• [Work item]: Leave out the pictures and repeat the data exactly.

• [Recorded data]:
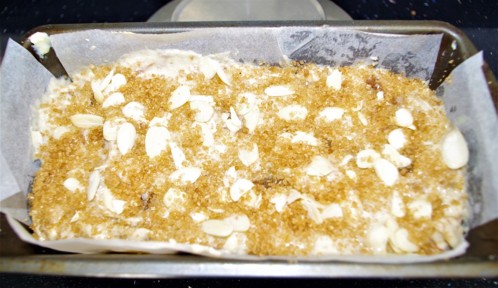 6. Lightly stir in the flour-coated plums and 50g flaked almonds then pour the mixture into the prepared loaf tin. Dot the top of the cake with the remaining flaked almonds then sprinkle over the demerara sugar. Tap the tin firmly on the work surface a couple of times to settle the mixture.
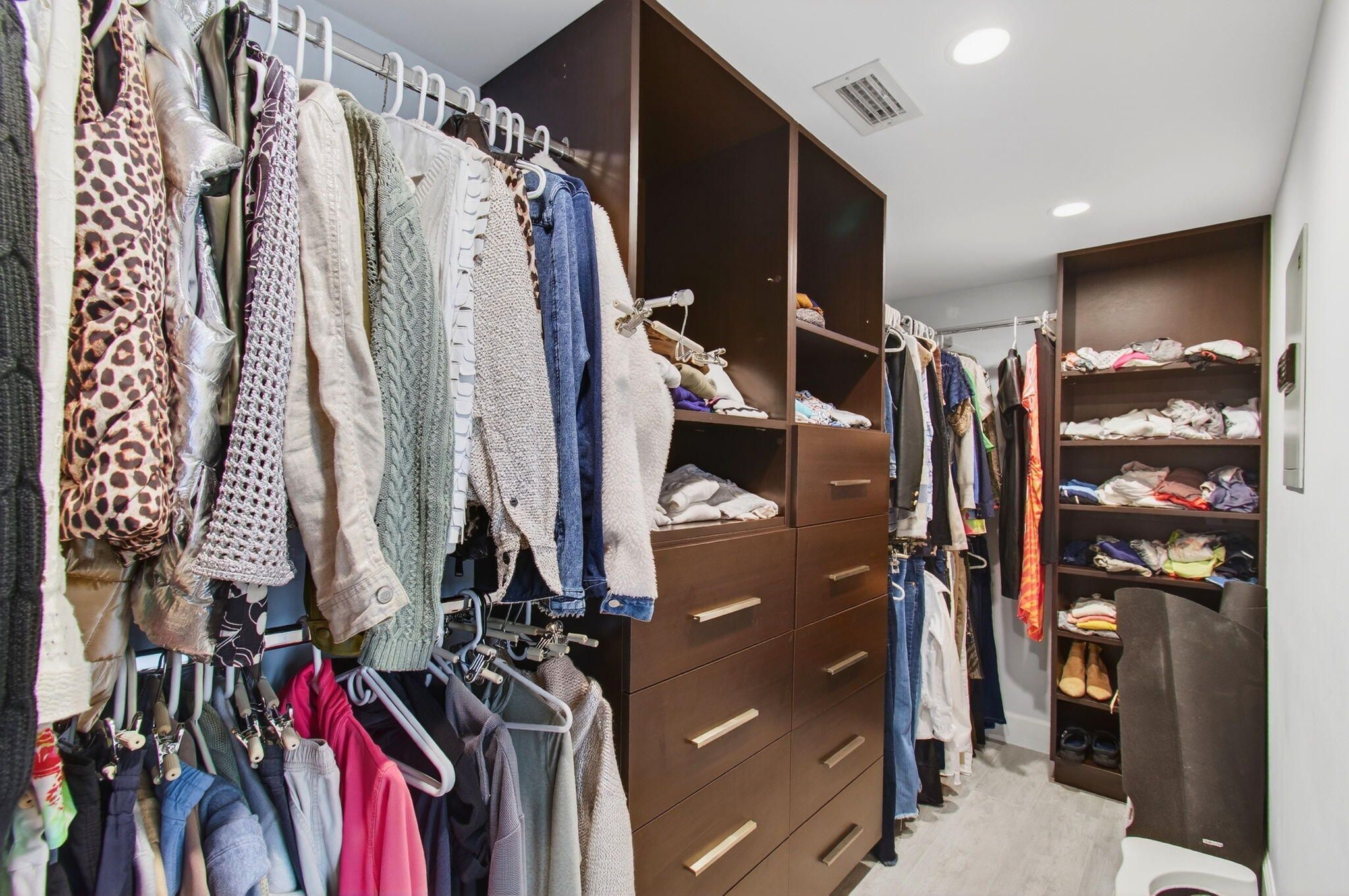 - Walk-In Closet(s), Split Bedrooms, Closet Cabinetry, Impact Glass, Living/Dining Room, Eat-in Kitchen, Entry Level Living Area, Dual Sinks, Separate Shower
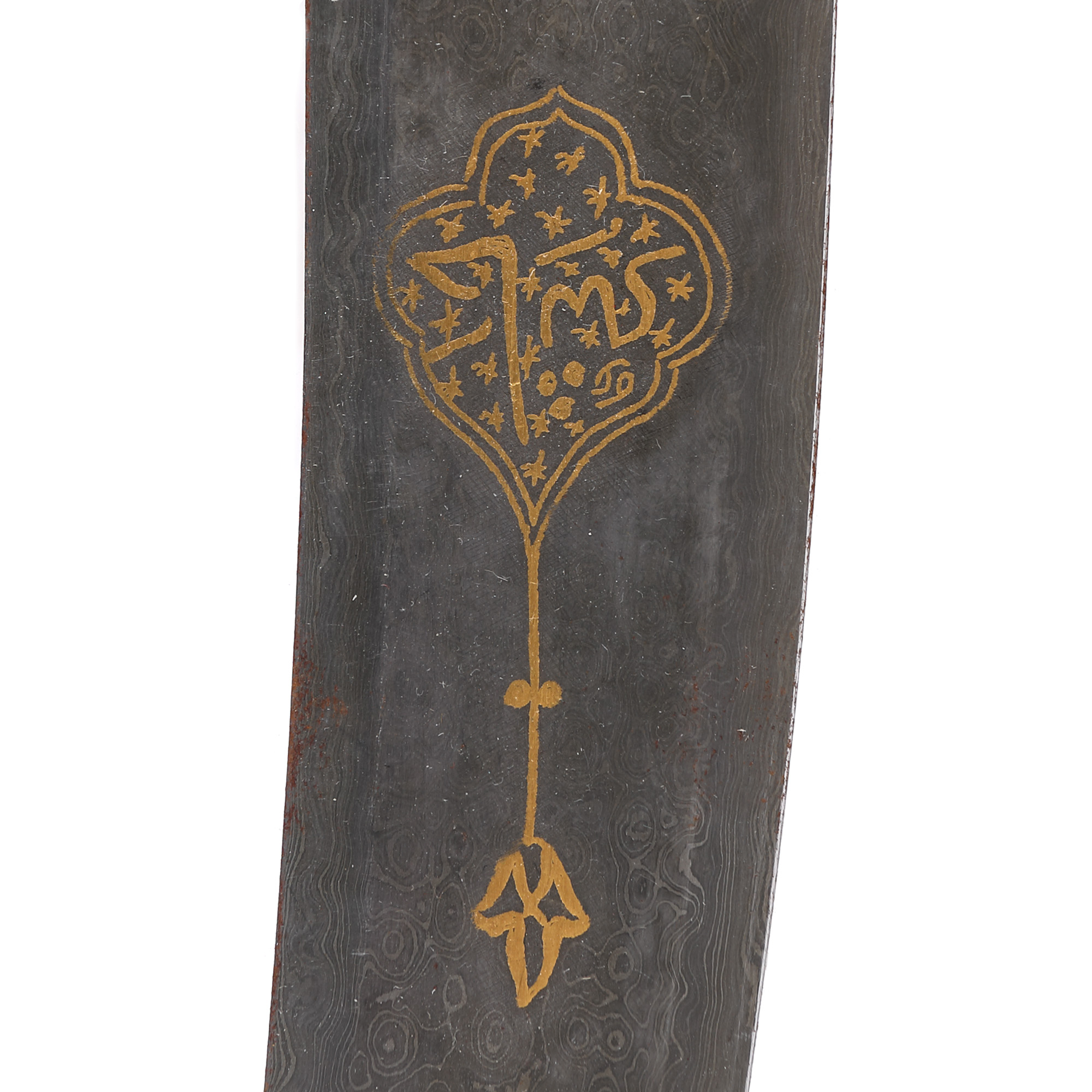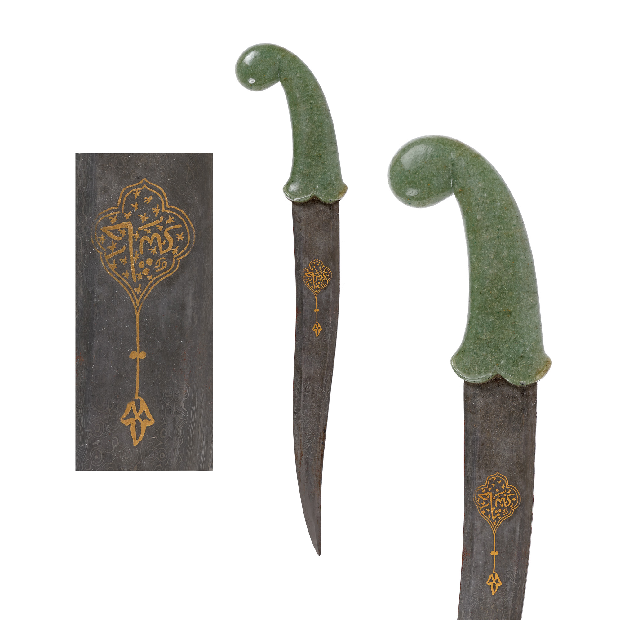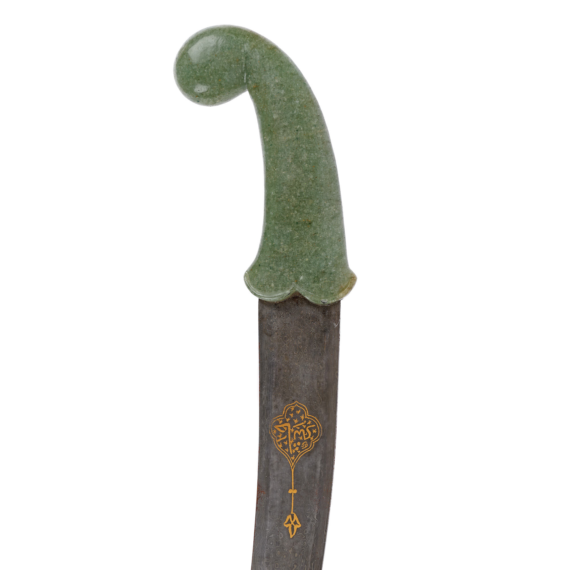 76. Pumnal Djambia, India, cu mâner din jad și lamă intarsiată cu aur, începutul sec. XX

• [Result]:
 6. Lightly stir in the flour-coated plums and 50g flaked almonds then pour the mixture into the prepared loaf tin. Dot the top of the cake with the remaining flaked almonds then sprinkle over the demerara sugar. Tap the tin firmly on the work surface a couple of times to settle the mixture.
 - Walk-In Closet(s), Split Bedrooms, Closet Cabinetry, Impact Glass, Living/Dining Room, Eat-in Kitchen, Entry Level Living Area, Dual Sinks, Separate Shower
 76. Pumnal Djambia, India, cu mâner din jad și lamă intarsiată cu aur, începutul sec. XX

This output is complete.